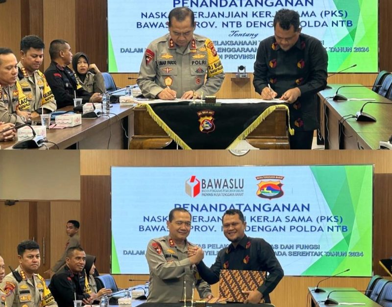 Kapolda NTB, Irjen Pol R. Umar Faroq, hadir langsung untuk menandatangani naskah perjanjian kerja sama tersebut, yang dirancang sebagai bentuk tindak lanjut antara Nota Kesepahaman Bersama (MoU) antara Bawaslu RI dan Polri tentang sinergitas pelaksanaan tugas dan fungsi pada Pemilu dan Pemilihan.
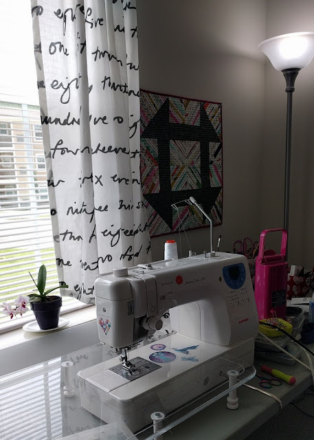 That fabric is perfect for your sewing room windows! And you have a whole room to sew in, that is so nice.
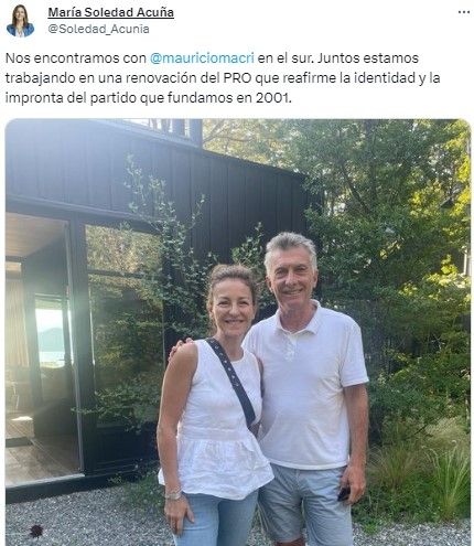 "Nos encontramos con Mauricio Macri en el sur. Juntos estamos trabajando en una renovación del PRO que reafirme la identidad y la impronta del partido que fundamos en 2001", comunicó la exfuncionaria en la red social X, junto a una foto de ambos.

### [Problem requirements]
Starting at the line that holds "That fabric is", reproduce each line through the last one of the listing, and nothing more; the pictures stay out.

### [Final answer]
 That fabric is perfect for your sewing room windows! And you have a whole room to sew in, that is so nice.
 "Nos encontramos con Mauricio Macri en el sur. Juntos estamos trabajando en una renovación del PRO que reafirme la identidad y la impronta del partido que fundamos en 2001", comunicó la exfuncionaria en la red social X, junto a una foto de ambos.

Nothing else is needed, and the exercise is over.